John Quiggin, in his post Four-day work weeks are inevitable, notes that while productivity has risen over the last fifty years, the hours we put in at work haven’t changed.

The arithmetic is simple. He writes:

Even since the turn of the present century, labour productivity has risen by 20 per cent. That is, we now produce in four days what used to take us five days as recently as 2000.

He’s suggesting that the productivity gains we have achieved in the last 20 years should be taken as leisure.

At first sight that might indicate a 20 percent fall in productivity as measured by output per worker, but the fall would be less than that because in most occupations there are diminishing returns to working hours.

You can express your support or opposition to Quiggin’s idea if you click on his university site for his 4-day week project, where he gives you a chance to have your say. If those who take his survey are representative of the population, you will see that 87 percent of us are in favour of a four day week.

The catalyst for Quiggin’s idea has been our adaption to the Covid pandemic. We discovered that there is more scope for flexibility than we had assumed.

But his suggestion that Australians are working too hard just doesn’t seem to fit with traditional presentations of Australian society. Isn’t Australia already the land of surfing, the early break on Friday, the Monday sickie, where road workers people lean on shovels – where we are girt by sea and pissed by lunchtime?

If ever that was accurate it certainly isn’t the case now. The only reason those myths persist is because of right-wing rhetoric about “lifters and leaners”. In fact, if we look at OECD data on working hours, ours are close to longest among all high-income “developed” countries, as shown in the graph below.

Probably a graph

We tend to compare ourselves with the Americans – we know they’re overworked and have to beg to take even their miserable two-week leave entitlement. But do we realize that we put in more hours than the Japanese, who were once the epitome of the workaholic? And look who’s in last place. It’s the Germans who shut down everything on Sunday, where the Lutherans take all the Catholic public holidays as well as their own, and the Catholics take all the Lutheran holidays as well as their own.

Brandenburger Tor
Wenige Arbeit macht Spaß

Germany and Australia are closely matched in terms of per-capita income and other indicators of material living standards. The fact that the Germans can achieve that with much less toil is a damning indictment of our economy’s productivity, weighed down by a tax system privileging speculation and rent-seeking over investment, and by thirty years of the Coalition’s “small government” ideology.  
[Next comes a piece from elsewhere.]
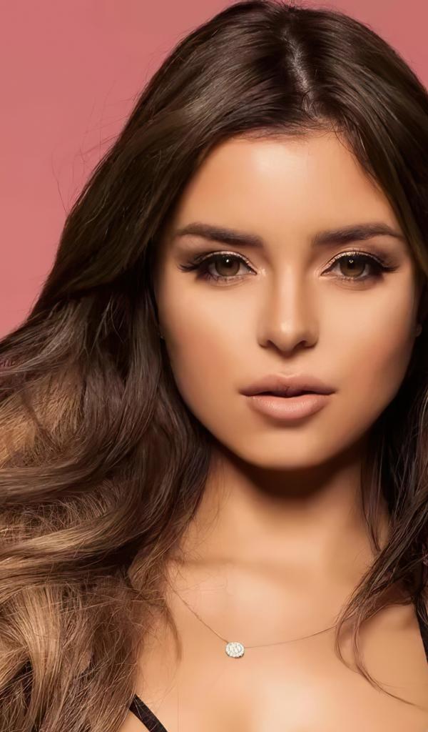 Wallpaper Beautiful long-haired model Demi Rose on a pink background

To check out Quiggin’s idea, let’s see what happens when we knock twenty percent off our annual working hours. According to the OECD data we work 1707 hours a year. Eighty percent of that is 1366 hours. That’s still 25 more than the Germans’ 1341 hours! We could kick in a couple more saints’ days, or perhaps, if the government is really serious about a republic, it could offer a “Republic day” as an incitement to vote “yes”.